KAGY Holding Company, Inc. Aiken, SC 29801
Exhibit 10.28
XXXX Holding Company, Inc.
0000 Xxxxxxx Xxxx
Aiken, SC 29801
[NAME]
[ADDRESS]
Re: | Grant of Stock Options |
Dear [NAME]:
XXXX Holding Company, Inc. (the “Company”) and you hereby agree that the terms and conditions regarding the stock options (“Options”) granted to you under the Company’s 2006 Stock Option Plan (the “Plan”) are as provided below.
1. Definitions. For the purposes of this Agreement, the following terms have the indicated meanings:
“Board” means the Board of Directors of the Company.
“Cause” has the meaning given to such term in the Plan.
“Change in Control” has the meaning given to such term in the Plan.
“Code” means the Internal Revenue Code of 1986, as amended.
“Committee” has the meaning given to such term in the Plan.
“GAAP” means Generally Accepted Accounting Principles.
“Good Reason” means (1) a material reduction by the Company in your degree of responsibility and authority (other than in connection with an acquisition of the Company or any of its subsidiaries if your direct reporting responsibility remains unchanged), which reduction is not cured within twenty (20) days of you having provided the Board with written notice of said reduction; (2) the Company’s failure to pay your then current Base Salary (as defined in the Severance Plan) or bonus in accordance with the Company’s payroll practices, which failure is not cured within twenty (20) days of you having provided the Board with written notice of said failure; or (3) the occurrence of any significant life-changing event to you that you reasonably and in good faith believe would significantly impair your ability to perform your duties to the Company, which you provide the Company written notice of within ten (10) days of such occurrence.
“Option” has the meaning given to such term in the Plan.
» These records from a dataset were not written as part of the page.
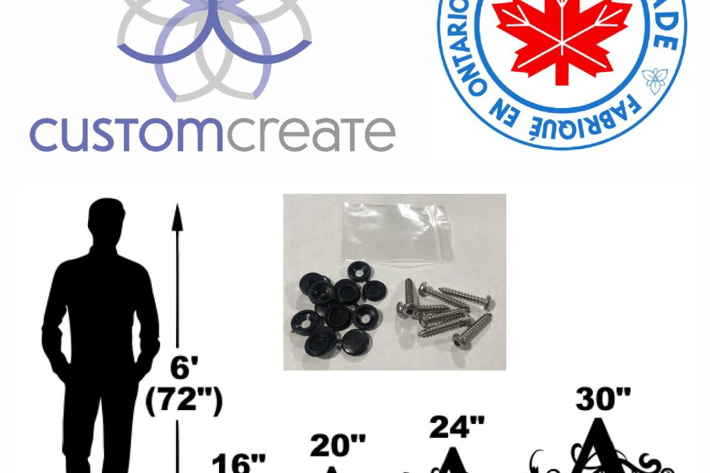 All of our metal signs are Unique Custom Create from our industry-leading CNC fibre laser. The detail and quality is second to none. We make all of our signs from 14 gauge steel and we spend additional time on the preparation process to assure the perfect cosmetic and durable powder coat paint process is applied. We also provide screws and decorative caps on signs 20" and above, making the installation process as easy as possible. Signs smaller than 20" in size, holes are provided approximately 1/8" diameter in same location shown.
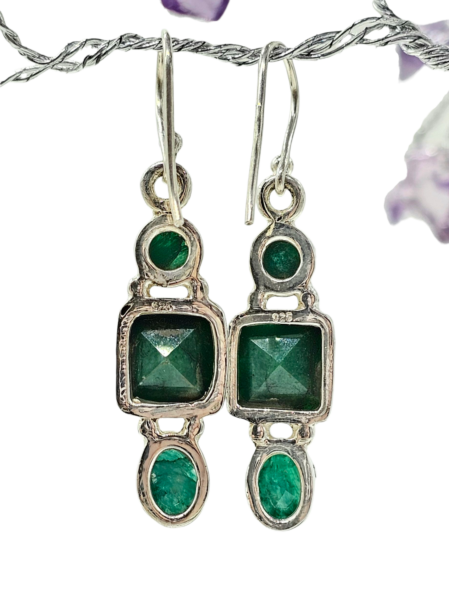 Green Emerald Earrings, May Birthstone, Three Stone Drop, Geometric Design, Inspiration Stone, Infinite Patience, Loyalty, Genuine Gemstones
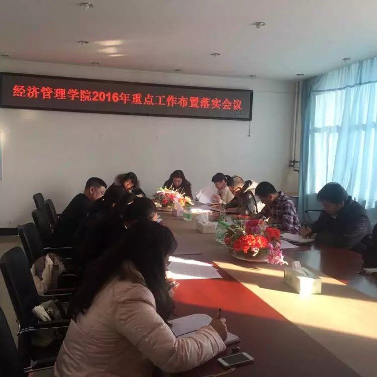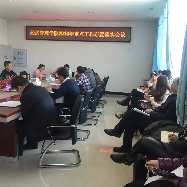 2016年2月26日上午8:30,在402会议室召开了Beat365唯一官方网站2016年重点工作安排部署会议。会议由张平院长主持。学院教学、科研、师资、教学督导、各系、实践教学中心、大学生创新创业园区、学生管理、大庆市经济学会、办公室、各系党支部、学院工会等部门负责人围绕学院转型发展顶层设计汇报了2016年部门重点工作,经过领导班子审议并确定了各部门全年重点工作。会议要求各部门负责人要树立新理念,盯牢全年重点工作,着力在双师型教师队伍建设、课程改革、合作开发教材、高层次学科竞赛、大学生创业孵化、政策建议、立地化项目研究等方面实现新突破,并责成办公室负责督办推进全年重点工作,确保“十三五”开局良好,为实现学院转型跨越发展夯实基础。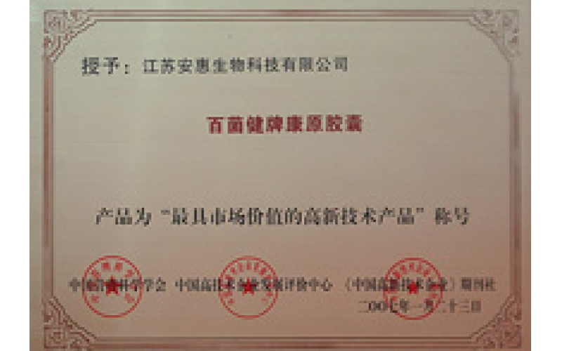 2007年1月24日,安惠百菌健牌康原膠囊產(chǎn)品獲得中國管理科學學會、中國高技術(shù)企業(yè)發(fā)展評價中心、中國高新技術(shù)企業(yè)期刊社聯(lián)合評定的“最具市場價值的高新技術(shù)產(chǎn)品”榮譽稱號。同時,百菌健牌康原膠囊還與公司的另一產(chǎn)品——靈芝孢子蟲草菌絲體粉攜手獲得“江蘇省名牌產(chǎn)品”榮譽稱號。

“Person” has the meaning given to such term in the Plan.
“Securities Act” means the Securities Act of 1933, as amended.
“Severance Plan” means the Company’s Severance Plan, established as of April 7, 2006.
“Stockholders Agreement” means the Stockholders Agreement dated as of April 7, 2006, among the Company, the stockholders of the Company party thereto and the other parties thereto, as the same may be amended from time to time and in effect on the date of determination.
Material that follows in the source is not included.